Most Americans do not know about "Newfies". Newfoundlanders. Sort of like Canada's rednecks. My wife is a newfie and loves newfie jokes.
Texans have Aggie Joke, an aggie being someone who goes to or went to Texas A&M University.
There were three Aggies huddled around each other at a local bar. All of a sudden, they jumped up and yelled,
"Yeah, 45! 45!" The bartender goes down to them and asks, "45? What are you guys so excited about?"
One of the Aggies speaks up: "We just finished a jigsaw puzzle.
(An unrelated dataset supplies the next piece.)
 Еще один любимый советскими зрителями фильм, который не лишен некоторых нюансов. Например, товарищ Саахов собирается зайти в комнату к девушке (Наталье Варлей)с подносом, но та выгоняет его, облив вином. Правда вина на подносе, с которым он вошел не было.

The box said 2 to 3 years, and we did it in 45 days!"
What is the difference between an Aggie and a carp?
One is a bottom feeding scum sucker and the other is a fish.
Did you hear about the Aggie terrorist who tried to blow up the Longhorn team bus.
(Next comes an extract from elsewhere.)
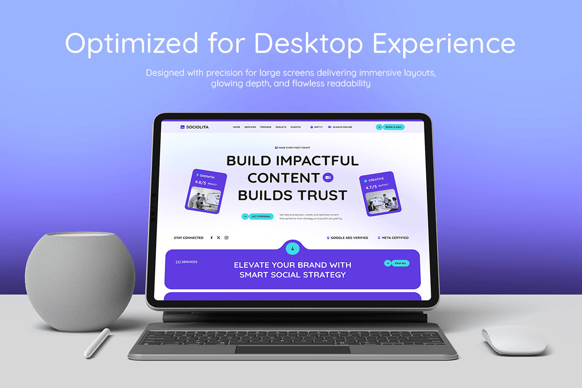 Sociolita is a modern social media agency website template crafted for teams that help brands create content that performs and builds trust. Featuring energetic gradients, card-based sections, and confident typography, the design delivers a fresh, digital-native look that feels both creative and strategic. The layout is structured around what agencies need most: clear service offerings, step-by-step campaign processes, analytics-backed results, and relatable client testimonials—making it easy for prospects to see exactly how you work and what outcomes you deliver. From content and creative services to paid social marketing and influencer campaigns, Sociolita keeps the focus on growth metrics, engagement performance, and long-term client partnerships.

He burned his lip on the tailpipe.
How many Aggies does it take to screw in a light bulb?
One, but he gets 3 hours credit.
What is the difference between the Aggies and Rice Crispies?
Rice Crispies know what to do in a bowl.
Where was O.J. hiding right before the famous white Bronco Chase?
On the A&M campus, because that's the last place you'll find a football player.
Did you hear about the skeleton they found in a closet in one of the dorms at A&M?
It was the 1963 hide-and-go-seek champion!
Did you hear about the Aggie who won a gold medal at the Olympics?
He liked it so much that he decided to get it bronzed.
Why did the Aggie get fired from the M&M plant as a quality control inspector?
He kept throwing out all the W&W's!
Have you heard about the Aggie kamikaze pilot?
He flew 22 missions.
An Aggie got a job at an east Texas sawmill. Just before lunch on his first day, he lost a finger. When asked
how he lost it, he replied, "I just touched this big spinning thing here like thi...Darn! There goes another one!"
Did you hear about the Aggie that drove his pickup into the lake?
His dog drowned while he tried to get the tailgate down.
Why don't Aggies eat barbecue beans?
Because they keep falling through the holes in the grill.